__Work to be completed__. Please print the full listing below exactly, but not the pictures in it.

__Data segment__.

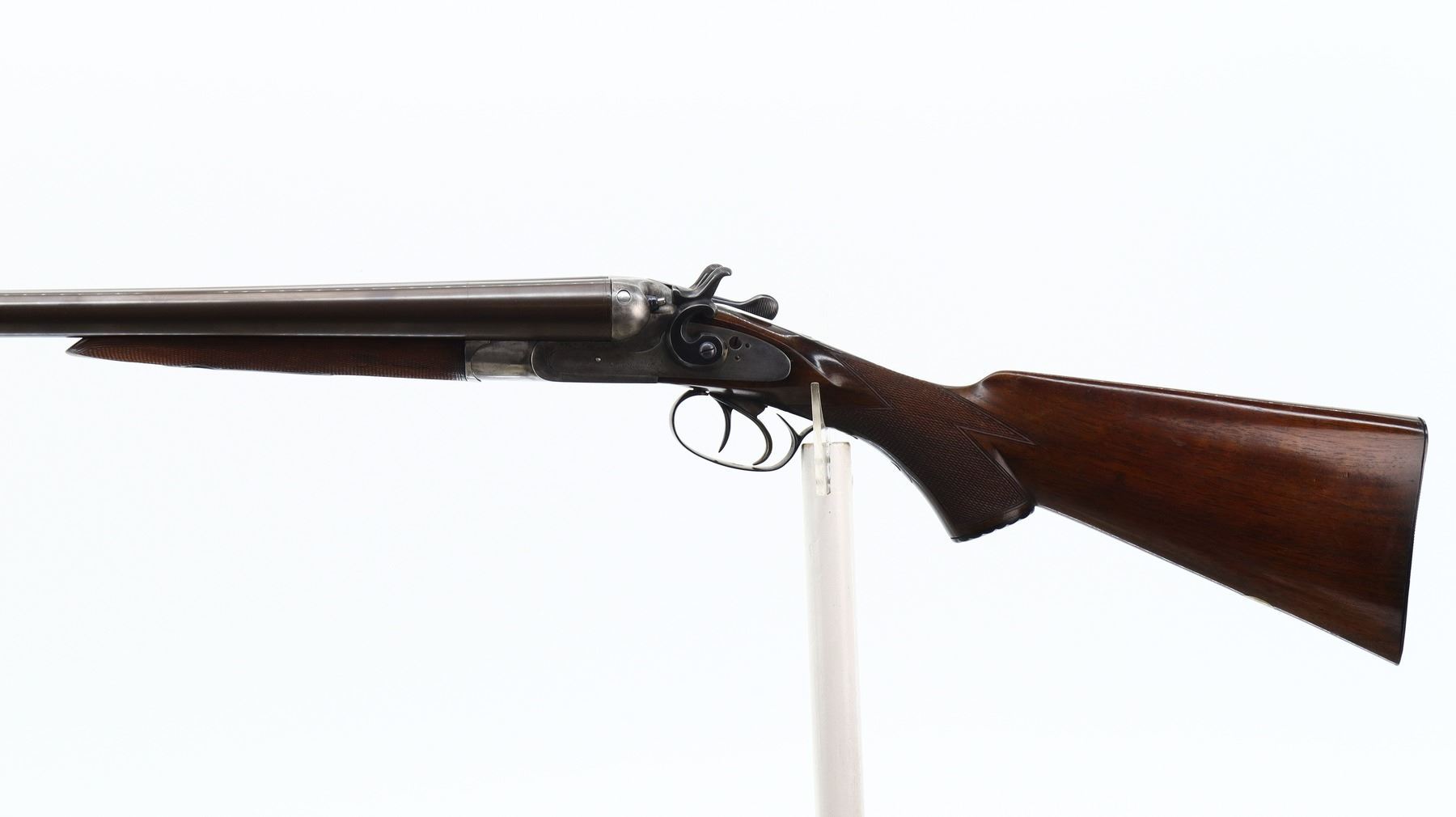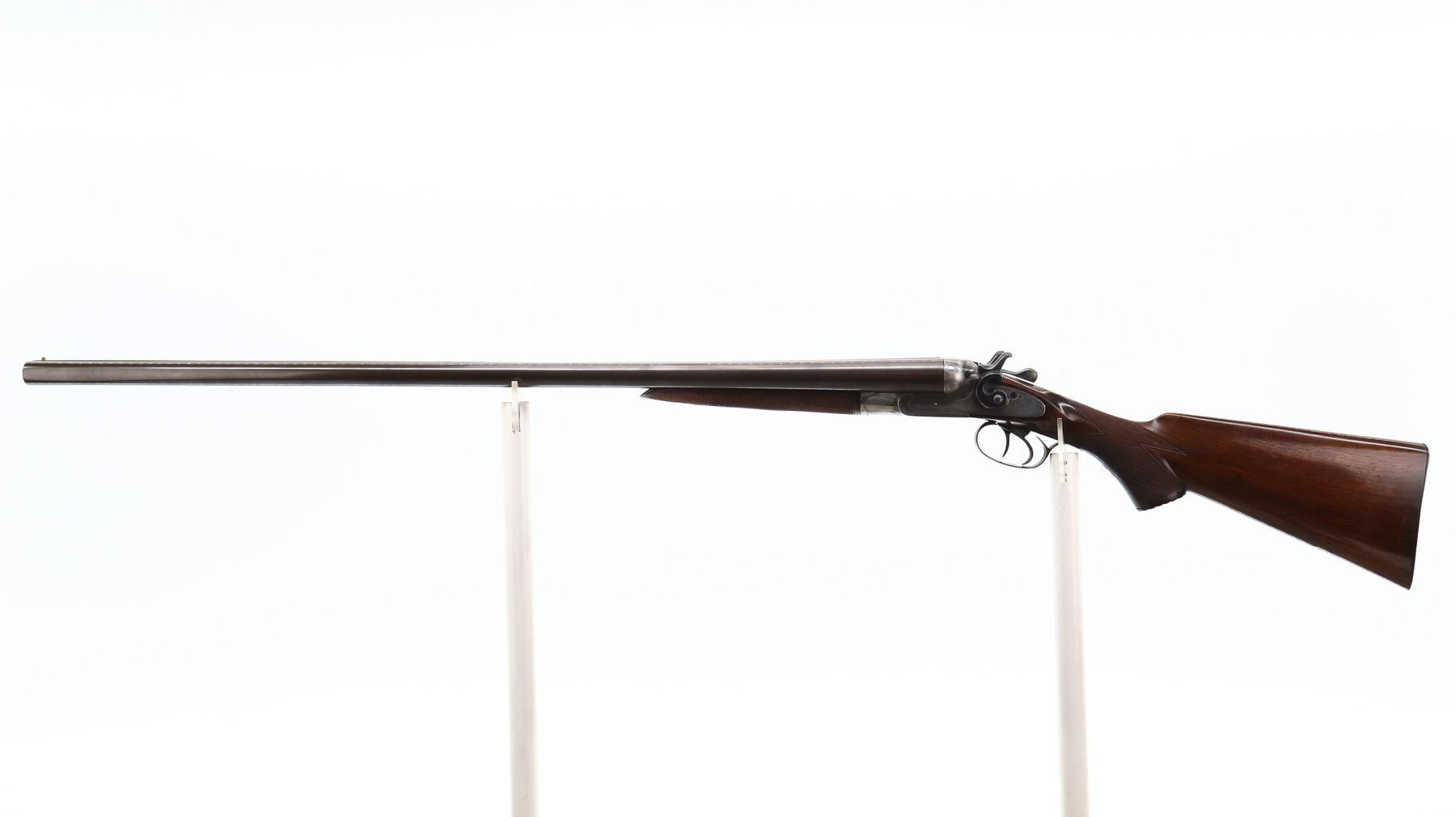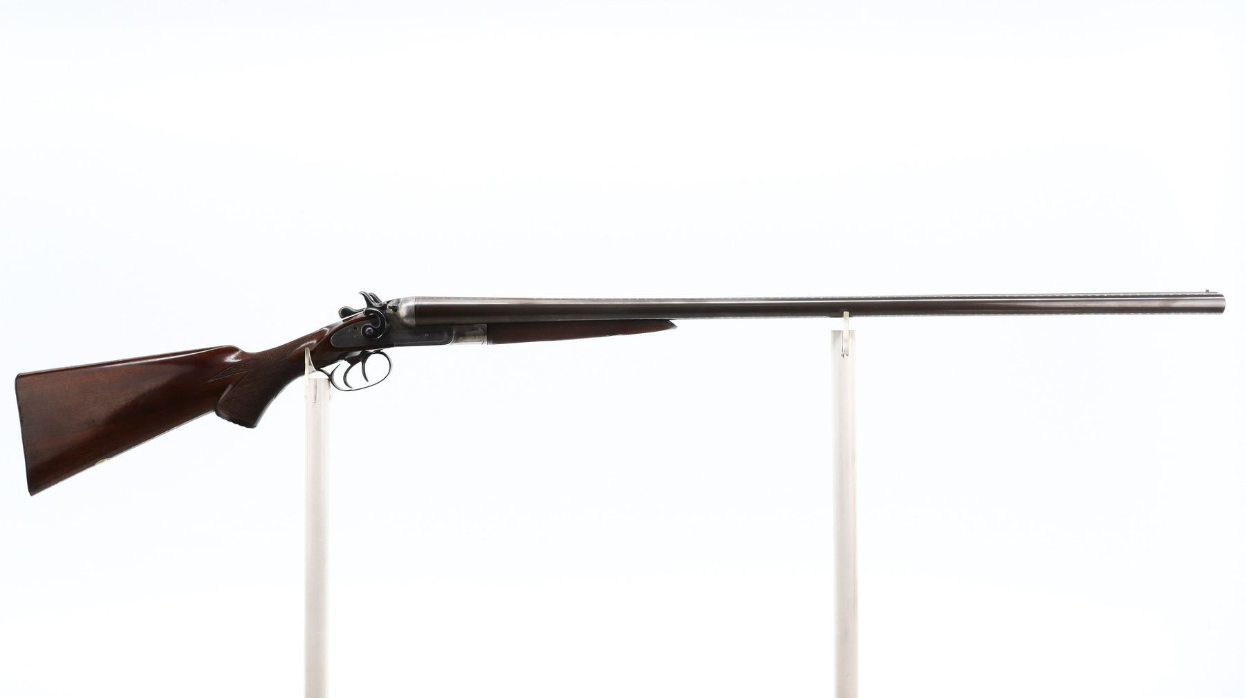 7/10, JANSSEN SONS & CO, MODEL: SIDE BY SIDE HAMMERGUN, CALIBER:10 G X 2 5/8", BORES ARE VERY GOOD. BRASS BEAD, BROWNED DAMASCUS BARRELS, SIDE PLATES WITH EXTERNAL HAMMERS, EXTRACTOR, DOUBLE TRIGGERS. TWO PIECE WOOD STOCKS, CHECKERED FOREARM AND PISTOL GRIP, GROOVED BLACK POLYMER BUTT PLATE, GRIP CAP, VANITY PLATE. METAL FINISH SHOWS SOME SCRATCHES, HANDLING MARKS AND WEAR. STOCKS SHOW SOME MARKS AND SCRATCHES. , ACTION: HINGED SIDE BY SIDE SHOTGUN, BARREL LENGTH: 32", SERIAL # 7863, CONDITION: 7/10, CLASS: CANADIAN NON RESTRICTED
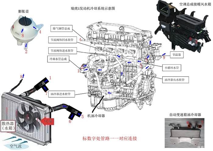 冷却液流动方向讲一下,从水泵处开始,就是图中冷却水管总成,标数字1那根顺着弯连到发动机体上的位置对着的就是水泵,防冻液通过发动机内部水套从节温器总成处流出,顺着小箭头方向流动,注意节温器总成有5个出口,朝上的那根是接除气钢管,另一头接膨胀壶4号接头,朝前那根5号粗管(里面有节温器,防冻液到87度开启大循环)接的水箱进水口5号接头,底下靠发动机里面那根是发动机小循环回水管,接到冷却水管总成,靠外那根是接机油冷却器进水管,中间有个三通分流一部份到节气门,都接回到冷却水管总成上,朝后那根9号接的暖风水箱进水管,暖风水箱出水管也接回冷却水管总成。水箱和自动变速箱油冷器属于大循环,回水都流回冷却水管总成。<br/><br/>上面说了这么多有点乱,其实就是节温器关闭时冷却液走小循环只通过发动机、暖风水箱、机油冷却器、节气门四大部分,而节温器打开时大循环冷却液除了以上部分还通过水箱和变速箱油冷器。<br/><br/>还有需要注意冷却系统是个封闭的加压循环,密封加压是因为发动机正常工作水温需要在90-100度间,但常压下水在100度就烧开沸腾了,必须要加压提高沸点(大家都知道在高山上气压低要用高压锅烧水这是一个道理)。而且膨胀壶的盖子同时也是个压力开关,当水温过高(比如散热风扇损坏或外部环境温度过高造成无法散热等极端情况)冷却系统内部压力达到危险高压时会自动顶开盖子内弹簧卸放系统压力,高压蒸汽液会通过盖子从膨胀壶边上放出保证系统稳定,所以平时需要添加冷却液时注意不要在热车时打开膨胀壶盖防止烫伤。<br/><br/>另外根据虎5坛友更换经验只能更换出大概5升左右的旧液,但说明书(冷却液容量7.5±0.5升)上有更多,而以前问过4S师傅和淘宝卖家都说3桶2升装防冻液就够了,这令我感到疑惑。这次自己动手想尽量多的把旧液排出,经过分析,想要完全更换防冻液首先要找到整个冷却系统的最低点,实际观察确定是自动变速箱油冷却器处(自动档虎5并不是水箱放液处),但还有问题就是各处存在的低洼点即使用高压气枪冲刷也无法有效排出旧液,特别是水泵接铁水管处明显有个低洼点,只有用吸取并加蒸馏水清洗的方式稀释并排出,计划准备用细的特氟龙管从3接口处插入至水泵处吸液。<br/>
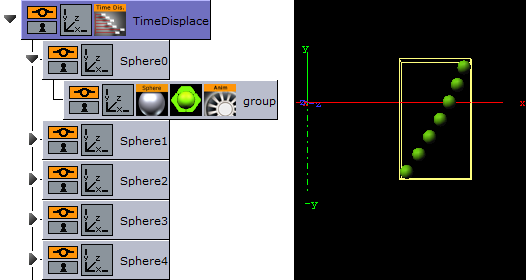 -200.0to200.0.Make six copies of the Sphere container under the TimeDisplace container.
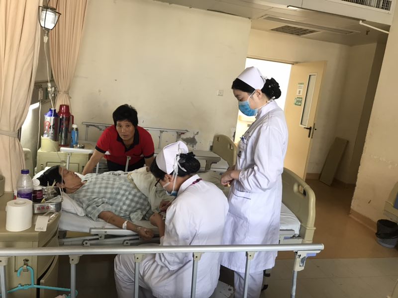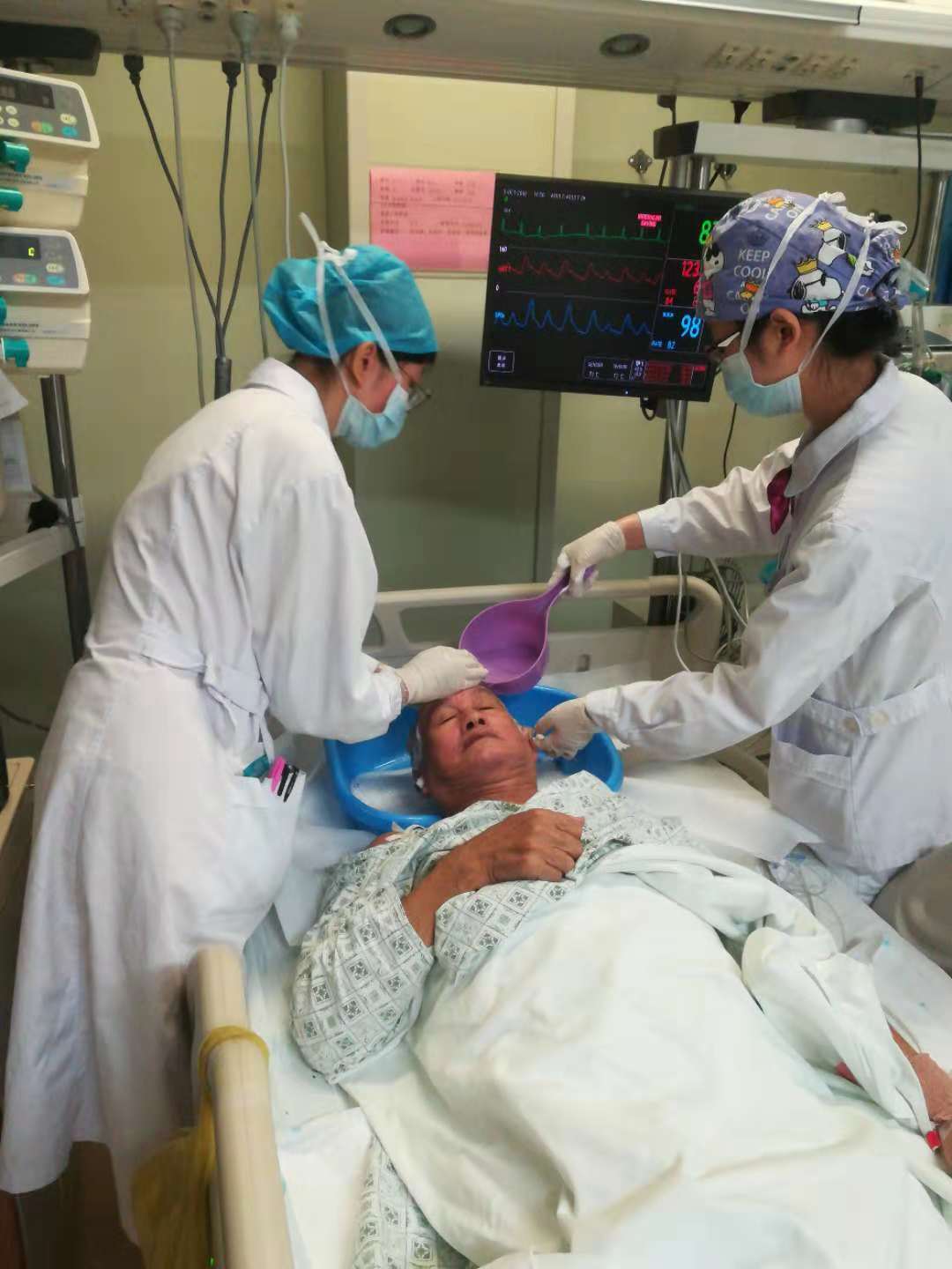 ▲36区重症医学四科护士们在做晚间护理,为危重症患者洗头、吹发。

__Response to this exercise__.
 7/10, JANSSEN SONS & CO, MODEL: SIDE BY SIDE HAMMERGUN, CALIBER:10 G X 2 5/8", BORES ARE VERY GOOD. BRASS BEAD, BROWNED DAMASCUS BARRELS, SIDE PLATES WITH EXTERNAL HAMMERS, EXTRACTOR, DOUBLE TRIGGERS. TWO PIECE WOOD STOCKS, CHECKERED FOREARM AND PISTOL GRIP, GROOVED BLACK POLYMER BUTT PLATE, GRIP CAP, VANITY PLATE. METAL FINISH SHOWS SOME SCRATCHES, HANDLING MARKS AND WEAR. STOCKS SHOW SOME MARKS AND SCRATCHES. , ACTION: HINGED SIDE BY SIDE SHOTGUN, BARREL LENGTH: 32", SERIAL # 7863, CONDITION: 7/10, CLASS: CANADIAN NON RESTRICTED
 冷却液流动方向讲一下,从水泵处开始,就是图中冷却水管总成,标数字1那根顺着弯连到发动机体上的位置对着的就是水泵,防冻液通过发动机内部水套从节温器总成处流出,顺着小箭头方向流动,注意节温器总成有5个出口,朝上的那根是接除气钢管,另一头接膨胀壶4号接头,朝前那根5号粗管(里面有节温器,防冻液到87度开启大循环)接的水箱进水口5号接头,底下靠发动机里面那根是发动机小循环回水管,接到冷却水管总成,靠外那根是接机油冷却器进水管,中间有个三通分流一部份到节气门,都接回到冷却水管总成上,朝后那根9号接的暖风水箱进水管,暖风水箱出水管也接回冷却水管总成。水箱和自动变速箱油冷器属于大循环,回水都流回冷却水管总成。<br/><br/>上面说了这么多有点乱,其实就是节温器关闭时冷却液走小循环只通过发动机、暖风水箱、机油冷却器、节气门四大部分,而节温器打开时大循环冷却液除了以上部分还通过水箱和变速箱油冷器。<br/><br/>还有需要注意冷却系统是个封闭的加压循环,密封加压是因为发动机正常工作水温需要在90-100度间,但常压下水在100度就烧开沸腾了,必须要加压提高沸点(大家都知道在高山上气压低要用高压锅烧水这是一个道理)。而且膨胀壶的盖子同时也是个压力开关,当水温过高(比如散热风扇损坏或外部环境温度过高造成无法散热等极端情况)冷却系统内部压力达到危险高压时会自动顶开盖子内弹簧卸放系统压力,高压蒸汽液会通过盖子从膨胀壶边上放出保证系统稳定,所以平时需要添加冷却液时注意不要在热车时打开膨胀壶盖防止烫伤。<br/><br/>另外根据虎5坛友更换经验只能更换出大概5升左右的旧液,但说明书(冷却液容量7.5±0.5升)上有更多,而以前问过4S师傅和淘宝卖家都说3桶2升装防冻液就够了,这令我感到疑惑。这次自己动手想尽量多的把旧液排出,经过分析,想要完全更换防冻液首先要找到整个冷却系统的最低点,实际观察确定是自动变速箱油冷却器处(自动档虎5并不是水箱放液处),但还有问题就是各处存在的低洼点即使用高压气枪冲刷也无法有效排出旧液,特别是水泵接铁水管处明显有个低洼点,只有用吸取并加蒸馏水清洗的方式稀释并排出,计划准备用细的特氟龙管从3接口处插入至水泵处吸液。<br/>
 -200.0to200.0.Make six copies of the Sphere container under the TimeDisplace container.
 ▲36区重症医学四科护士们在做晚间护理,为危重症患者洗头、吹发。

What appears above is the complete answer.